Incorporate nonfiction literary works in English/literature curriculum in schools

English preps
Kennedy Buhere/photo file

Sometimes in the early 2000, a senior lecturer at Egerton University Dr. Joseph Walunywa argued learners in educational institutions in Kenya should be exposed to nonfiction works as part of their education.

Walunywa said that authorities in education could enrich the English language curriculum, which is integrated, to include nonfiction works. He made the comments in a local daily at the time. The suggestion had persuasive value.

The current English curriculum is tilted towards fictional works. We have a whole paper devoted to fictional works—novels, plays, poetry and oral literature. The curriculum does not provide for nonfiction writing—essays, journals, diaries, letters, biographies, speeches, satires, literary criticism.

This is the reality. Although imaginative works dominate the study of literature in other educational systems, the systems have provided ample room in the English curriculum or language curriculum, for nonfiction works. They are studied and examined with similar rigour as fictional works.

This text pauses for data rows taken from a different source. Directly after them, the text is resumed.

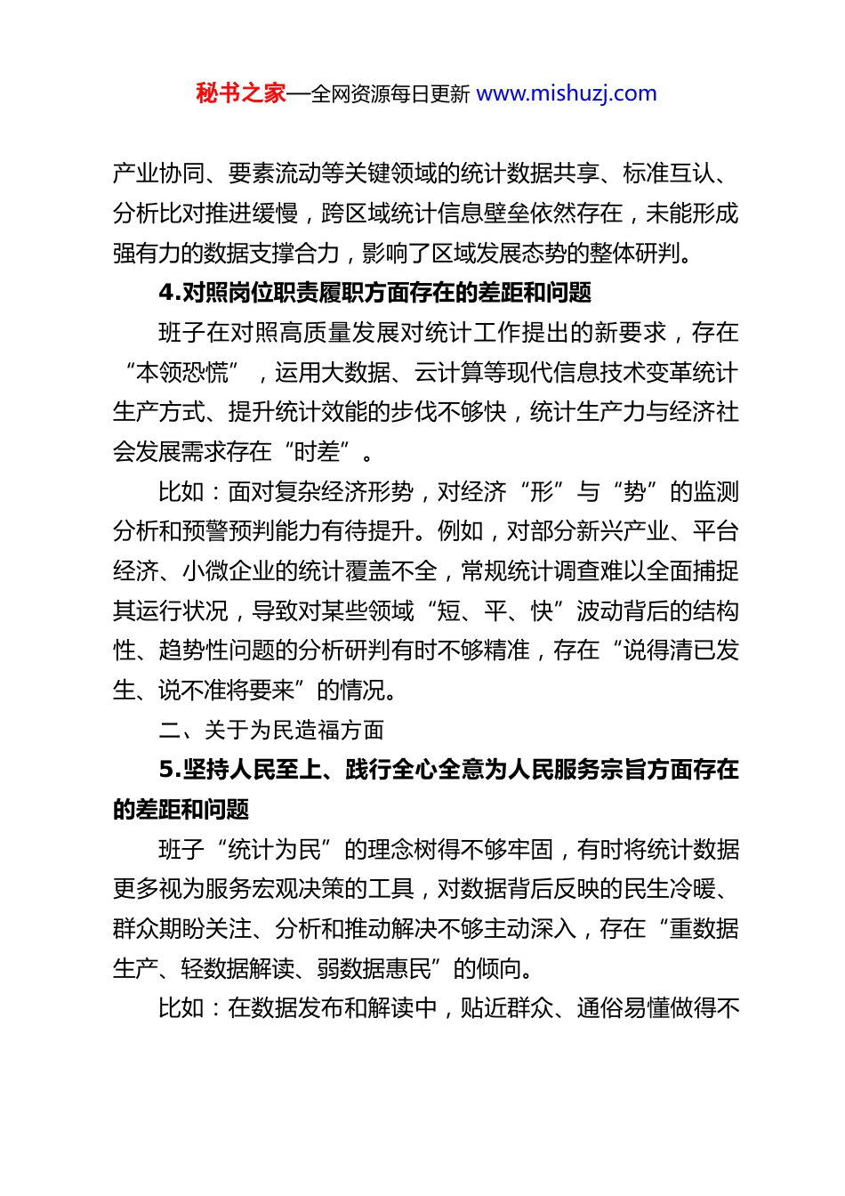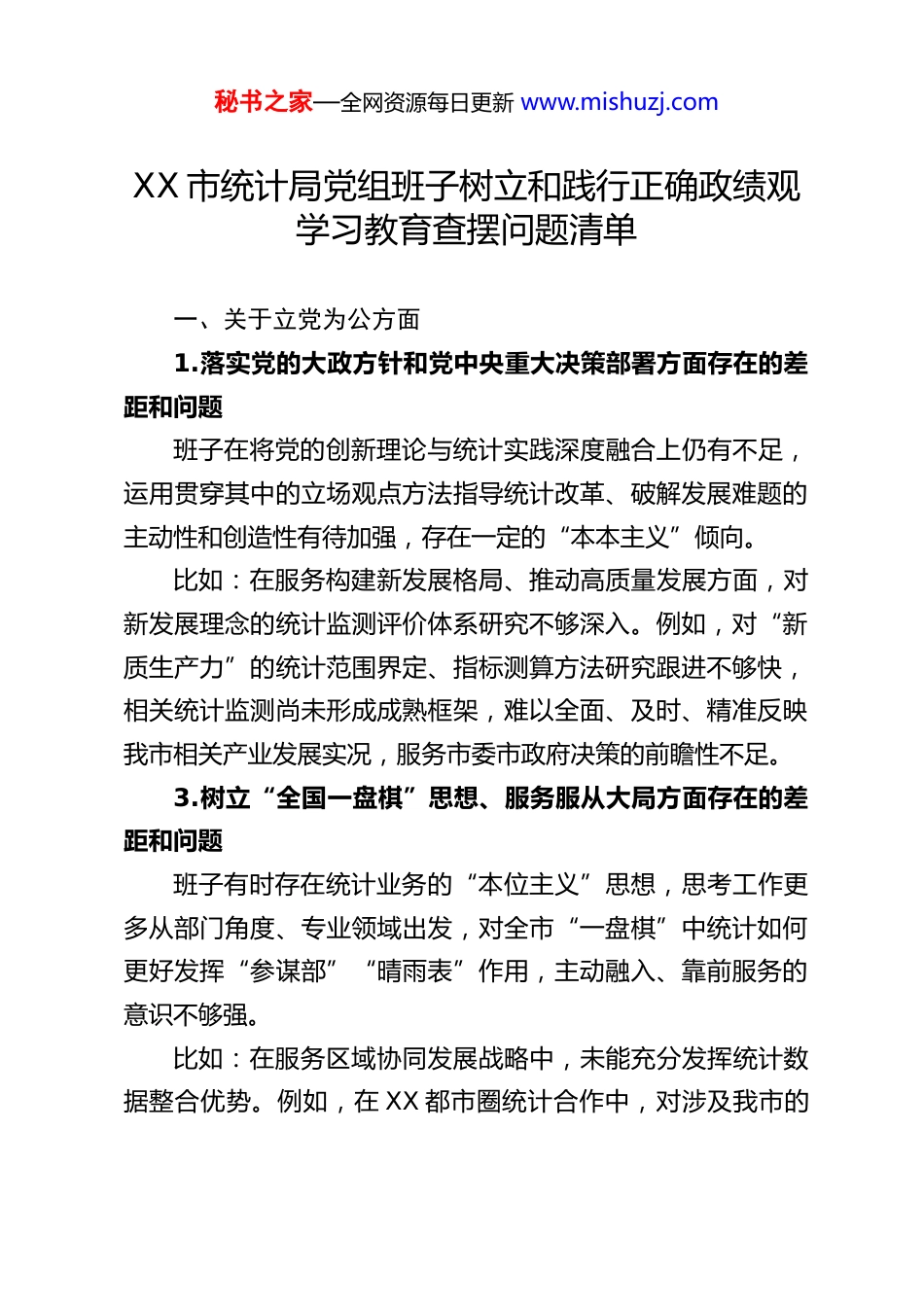 秘书之家—全网资源每日更新 www.mishuzj.comXX 市统计局党组班子树立和践行正确政绩观学习教育查摆问题清单一、关于立党为公方面1.落实党的大政方针和党中央重大决策部署方面存在的差距和问题班子在将党的创新理论与统计实践深度融合上仍有不足,运用贯穿其中的立场观点方法指导统计改革、破解发展难题的主动性和创造性有待加强,存在一定的“本本主义”倾向。比如:在服务构建新发展格局、推动高质量发展方面,对新发展理念的统计监测评价体系研究不够深入。例如,对“新质生产力”的统计范围界定、指标测算方法研究跟进不够快,相关统计监测尚未形成成熟框架,难以全面、及时、精准反映我市相关产业发展实况,服务市委市政府决策的前瞻性不足。3.树立“全国一盘棋”思想、服务服从大局方面存在的差距和问题班子有时存在统计业务的“本位主义”思想,思考工作更多从部门角度、专业领域出发,对全市“一盘棋”中统计如何更好发挥“参谋部”“晴雨表”作用,主动融入、靠前服务的意识不够强。比如:在服务区域协同发展战略中,未能充分发挥统计数据整合优势。例如,在 XX 都市圈统计合作中,对涉及我市的秘书之家—全网资源每日更新 www.mishuzj.com产业协同、要素流动等关键领域的统计数据共享、标准互认、分析比对推进缓慢,跨区域统计信息壁垒依然存在,未能形成强有力的数据支撑合力,影响了区域发展态势的整体研判。4.对照岗位职责履职方面存在的差距和问题班子在对照高质量发展对统计工作提出的新要求,存在“本领恐慌”,运用大数据、云计算等现代信息技术变革统计生产方式、提升统计效能的步伐不够快,统计生产力与经济社会发展需求存在“时差”。比如:面对复杂经济形势,对经济“形”与“势”的监测分析和预警预判能力有待提升。例如,对部分新兴产业、平台经济、小微企业的统计覆盖不全,常规统计调查难以全面捕捉其运行状况,导致对某些领域“短、平、快”波动背后的结构性、趋势性问题的分析研判有时不够精准,存在“说得清已发生、说不准将要来”的情况。二、关于为民造福方面5.坚持人民至上、践行全心全意为人民服务宗旨方面存在的差距和问题班子“统计为民”的理念树得不够牢固,有时将统计数据更多视为服务宏观决策的工具,对数据背后反映的民生冷暖、群众期盼关注、分析和推动解决不够主动深入,存在“重数据生产、轻数据解读、弱数据惠民”的倾向。比如:在数据发布和解读中,贴近群众、通俗易懂做得不秘书之家—全网资源每日更新 www.mishuzj.com够。例如,发布的居民收支、CPI 等民生数据,官方解读多使用专业术语,缺乏生动鲜活的图表、案例和对比分析,群众“看不懂、用不上”的问题依然存在,统计工作的社会感知度和获得感有待提高。6.深入基层、联系服务群众方面存在的差距和问题班子深入统计调查一线、直面调查对象和基层统计人员不够经常,调研存在“走马观花”现象,对基层统计工作的真实情况、面临的困难挑战掌握不够全面精准,存在一定的“机关化”倾向。比如:深入企业开展数据质量核查和调研时,有时过于关注报表数字本身,与企业负责人、统计员深入交流经营状况、面临的痛点难点不够。例如,在 XX 工业园区进行“四上”企业数据核查时,更多时间用于核对报表逻辑,倾听企业关于成本上升、订单波动、预期偏弱等具体情况的“活情况”时间不足,导致调研深度不够,提出的对策建议针对性不强。7.推动解决民生、信访、群众急难愁盼问题方面存在的差距和不足班子对通过统计数据反映的共性民生问题,主动向市委市政府和相关部门预警、建议的意识和力度有待加强,发挥统计“信号灯”作用,推动问题从源头解决的机制不够顺畅。比如:对群众通过 12340 社情民意调查等渠道反映集中的问题,分析转化运用不足。例如,上一季度民调显示“社区养秘书之家—全网资源每日更新 www.mishuzj.com老服务供给”满意度连续偏低,但统计分析报告仅停留在数据描述层面,未能深入剖析供给结构性短板(如助餐、医养结合等服务缺口),也未主动会同民政等部门开展专题调研、提出补短板的具体量化建议,推动问题解决的“后半篇文章”做得不实。三、关于科学决策方...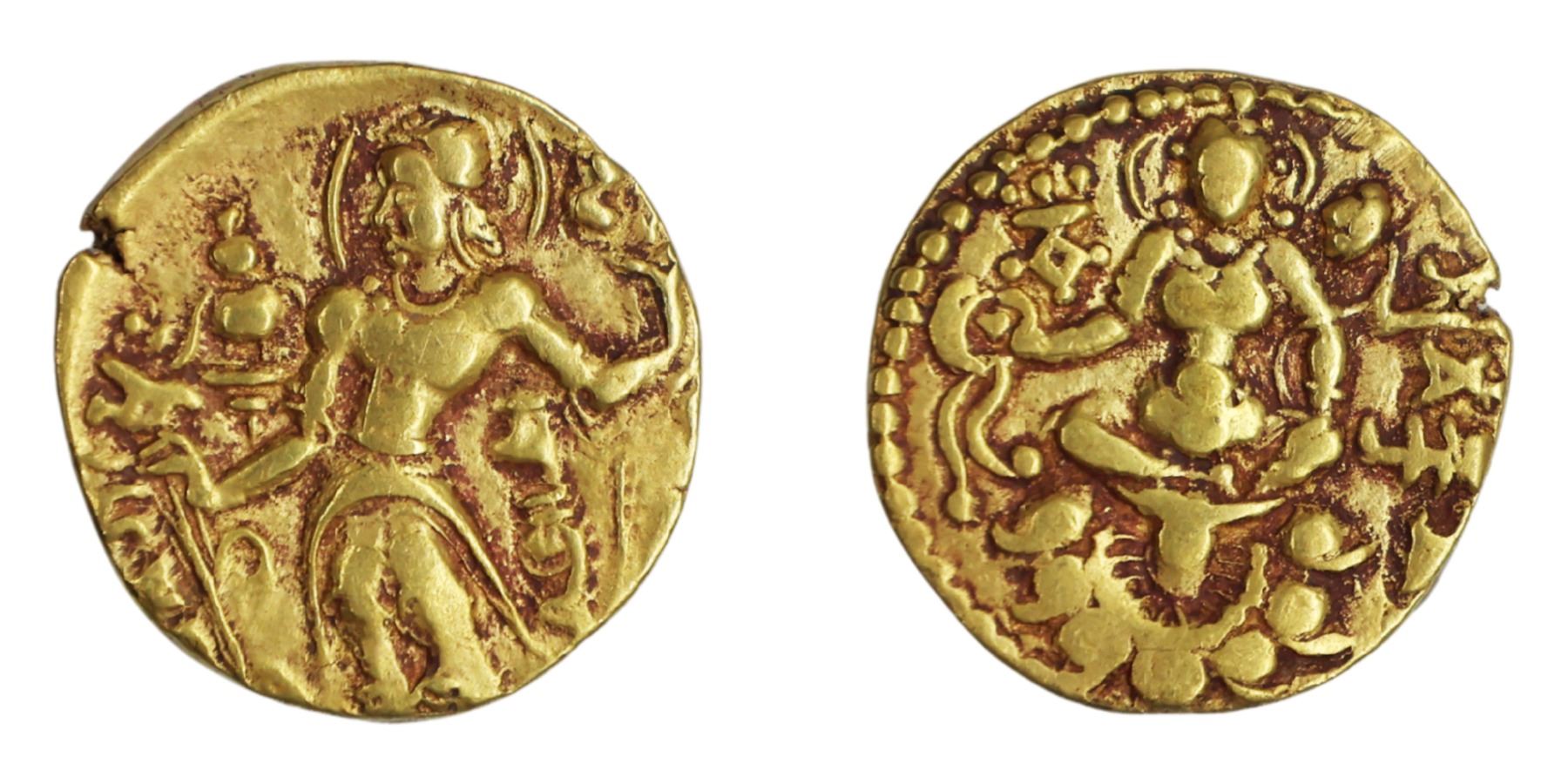 Chandragupta II, Gold Dinar, 7.76g, ‘Archer' type Obv: King nimbate with halo, standing left wearing coat, ear-rings, armlets and necklace, holding arrow in the right hand, left hand holding bow at top, 'Chandra' in Brahmi below arm, garuda standard behind and around traces of Brahmi legend, Rev: Goddess Lakshmi seated facing on a lotus, goddess has left hand resting on her knee, holding diadem in her right hand and lotus in left, tamgha to left field and Brahmi legend ‘Sri Vikramah' in the right field. (S.Kumar TOTGE # Class III, Var. A). Very Fine+, Rare.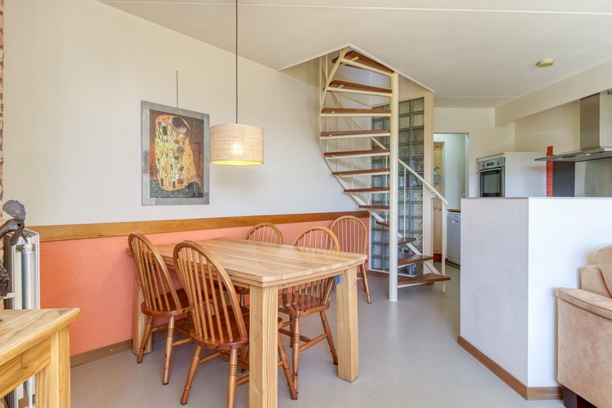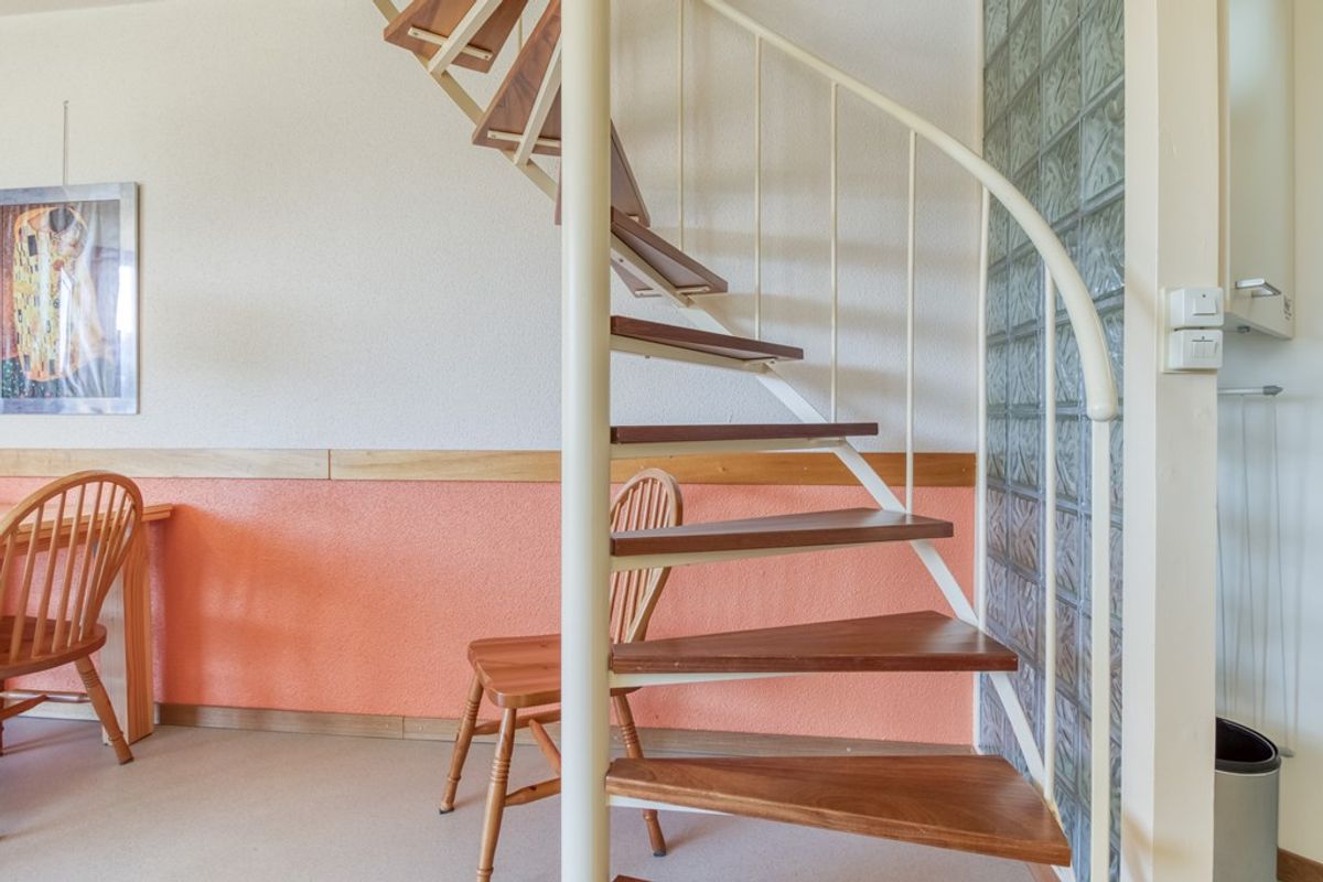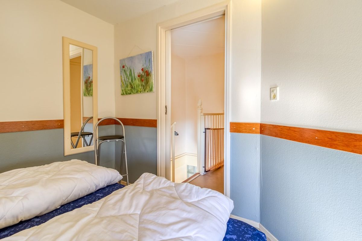 Via de wenteltrap in de woonkamer is de eerste verdieping te bereiken. Hier bevindt zich 2 slaapkamers en een ruime overloop die in gebruik is als 3e slaapruimte.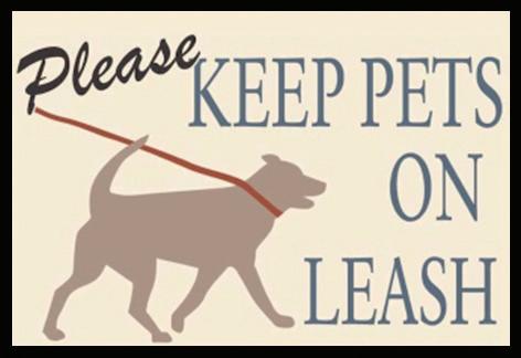 •PETS All pets should be leashed and accompanied by the owner when outside a home and shall not be allowed to become a nuisance by barking or other acts. Owners must ALWAYS clean up after their pets.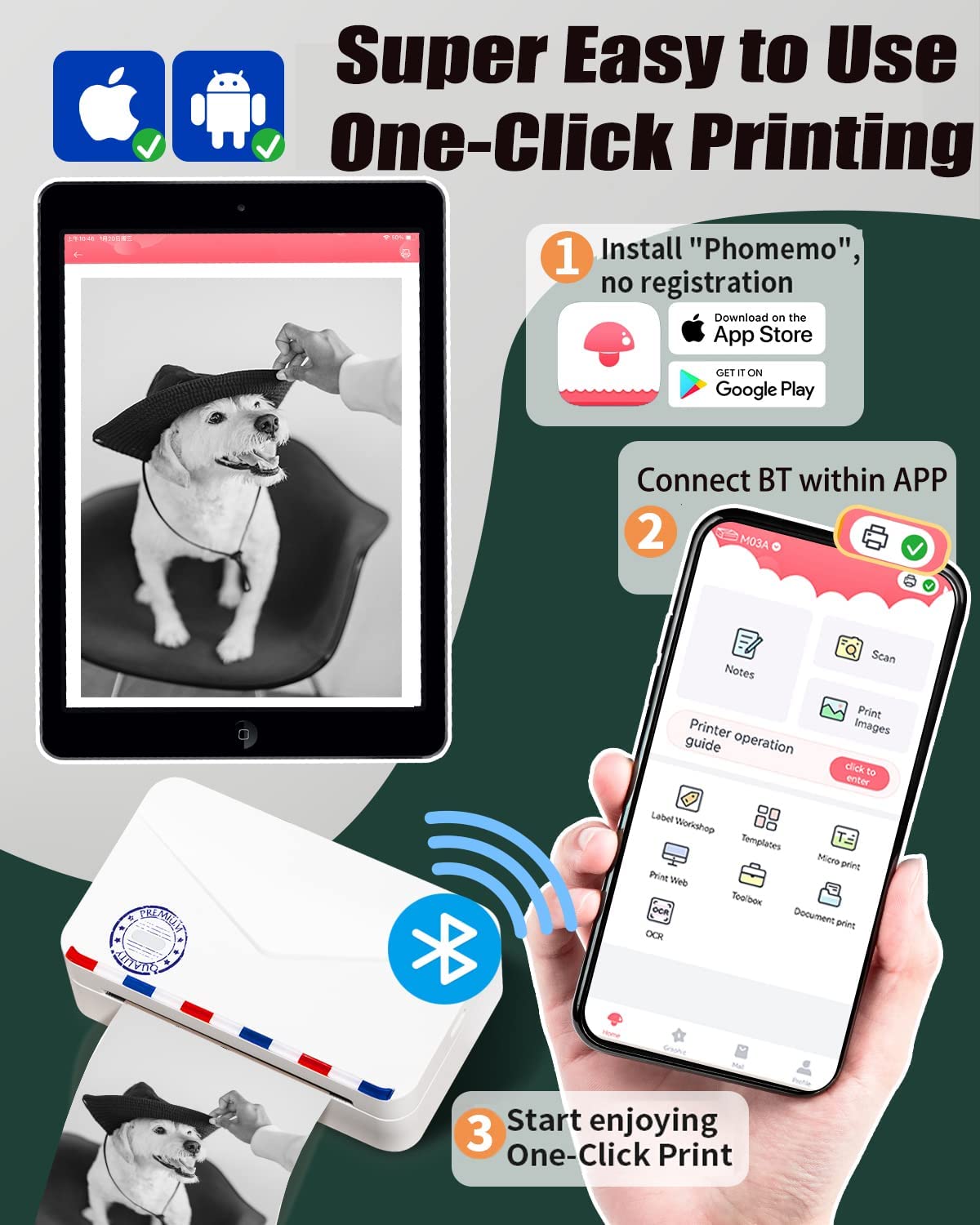 - Super Easy to Use: Step 1: Install the APP. Step 2: Connect the thermal photo printer Bluetooth within APP. Step 3: Choose a quick template and start enjoying one-click printing. Even a child can easily complete the first label in 5 minutes. APP can be used without registration, very friendly to new users.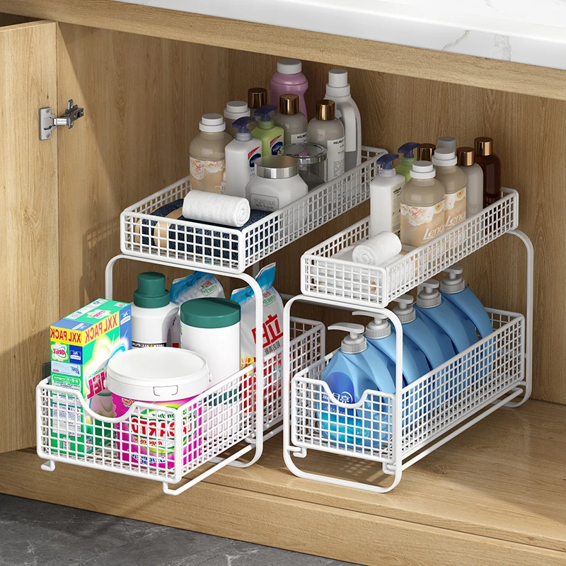 Under-Sink Storage Organizer for Bathroom Vanity - Pull-Out Basket for Bathroom Sink Cabinet - Multi-Layer Shelf for Efficient Drain Cabinet Organization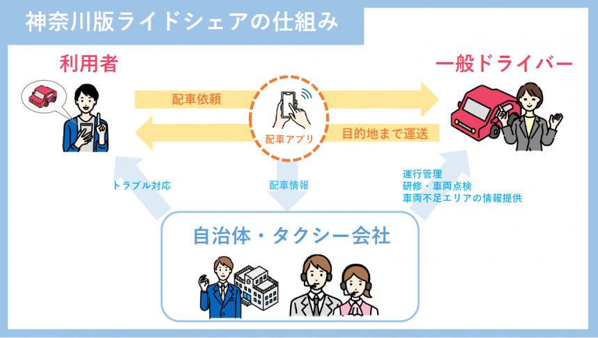 神奈川の「かな」とライドシェアの「ライド」を合わせ、シンプル、かつ、覚えやすいものとしましたので、今後はぜひ「かなライド」と呼んでください。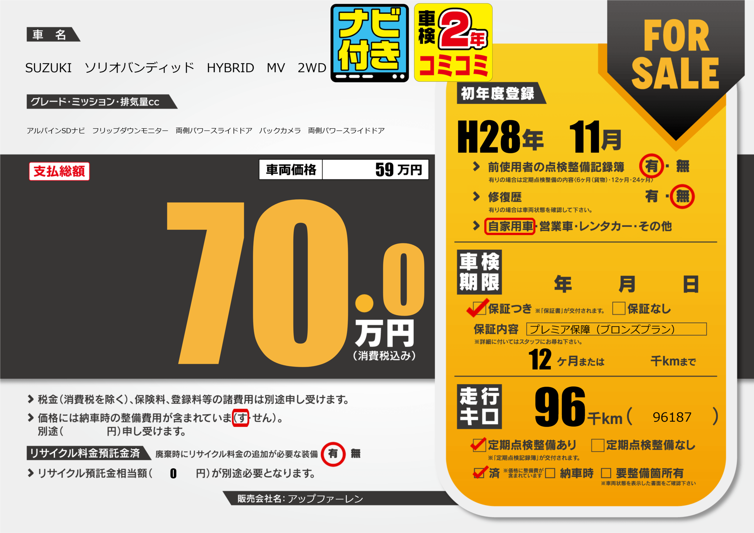 | 定期点検整備 | 定期点検整備あり 定期点検整備済み | ||

I am afraid. Some teachers of English will cite functional writing in English syllabus as having taken care of the educational value of nonfiction works.

There is an attempt to teach some elements of nonfiction in the English Curriculum under the 8.4.4 system of education. However, it doesn’t go far enough. It is taught as part of English and not Literature. That is not what Dr. Walunywa meant.

As English, all they teach is the structural aspects of discourse that is defined as functional writing.  All they do is to define what the various forms of functional writing take. It is perfunctory at best.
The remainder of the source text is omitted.